We address the question of what grid-size is necessary to adequately simulate oil recovery from a variety of heterogeneous facies found within a fluvial-deltaic system. We start by generating geological models of core-plug-scale poro-perm heterogeneities based on a geological understanding of the spatial distribution of lithotypes within a facies. This fine scale distribution is then re-scaled to different reservoir simulation grids which coarsen both horizontally and vertically. The finest simulation grid was such that the effect of re-scaling was negligible and thus the simulation model was almost an exact representation of the "true" reservoir. Equivalent homogeneous models, using the global effective properties of the fine-scale reservoir description, were also run. This enabled us to compare purely numerical effects with the effects of re-scaling the heterogeneous description. Waterflood and gasflood simulations were then run on each grid.

For the heterogeneous systems considered, the coarser grids under-estimated recovery - by up to 16%. Also, for the homogeneous models, waterflood recovery always decreased as the grid coarsened; gasflood recovery was relatively insensitive to block size. Further, recoveries were always higher in the heterogeneous model compared to the homogeneous model at any given grid size.

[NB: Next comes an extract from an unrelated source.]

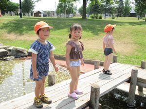 毎日暑い日が続き、子どもたちも水遊びが大好きになりました。札内北公園はちょっとした滝があったり、水路が長く川が流れているようです
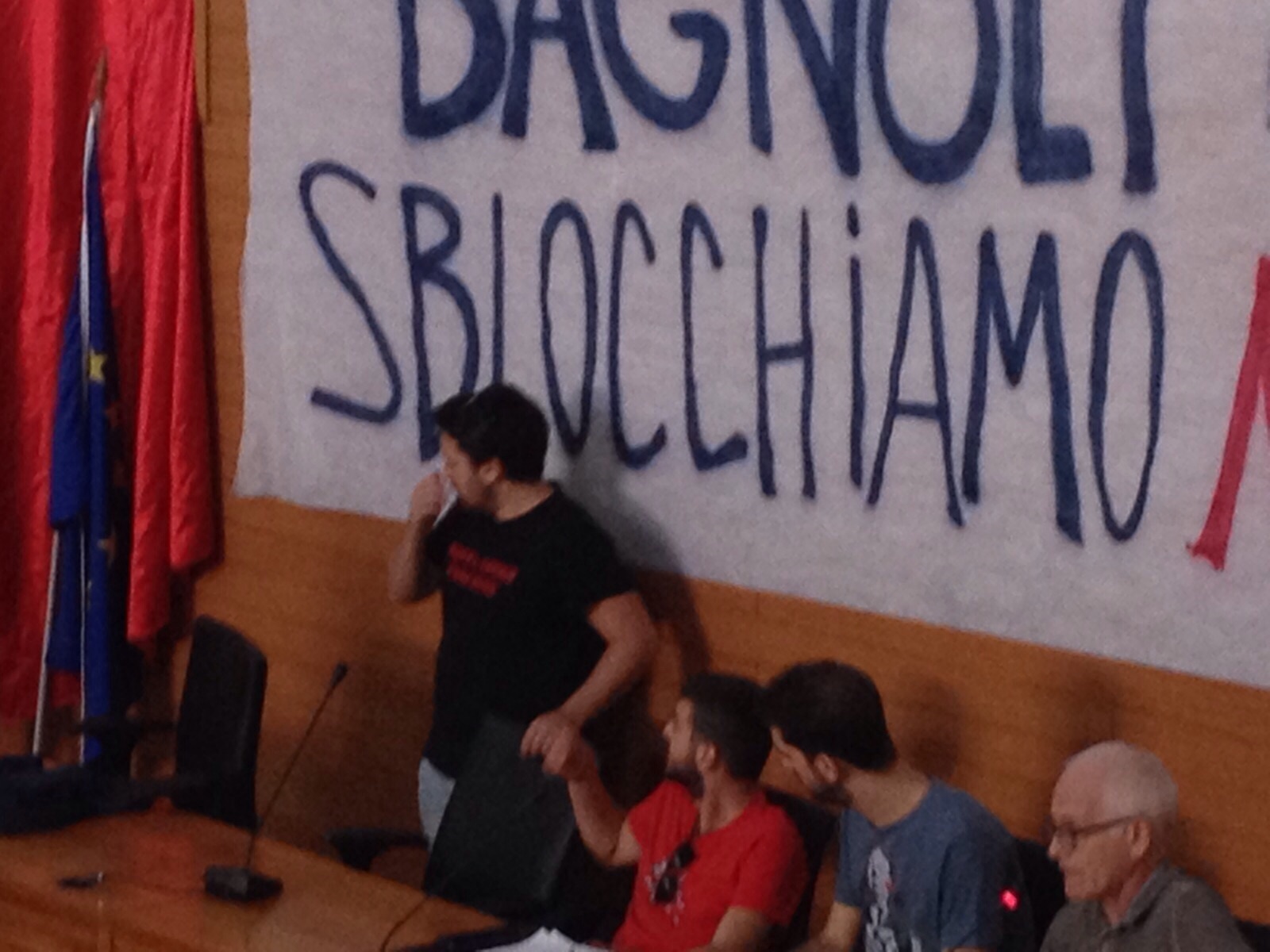 Tra i vari slogan, anche la richiesta, da parte dei manifestanti, di ottenere un’assemblea all’interno della sala riunioni della Municipalità, prontamente concessa. Promotore della mobilitazione il Laboratorio Politico Iskra, che tramite il portavoce Eddy Sorge, ha spiegato che “oggi comincia il commissariamento popolare di Bagnoli, del Laboratorio politico Iskra – la Resistenza oggi è questa: contro il Governo, contro il commissario. Vogliamo il riconoscimento dell’Assemblea popolare di Bagnoli”. Infine, tra i vari striscioni, anche quello dell’associazione Dema fondata dal sindaco Luigi de Magistris.

Finally, recovery and PI were grossly under-estimated at gridblock sizes that were approximately the same as that of significant heterogeneities - finer or coarser grids did a better job. The global effective permeability of the re-scaled grid was much lower for these inadequate grid sizes. Global effective permeability can thus be used to assess grid adequacy with respect to heterogeneity prior to performing simulations.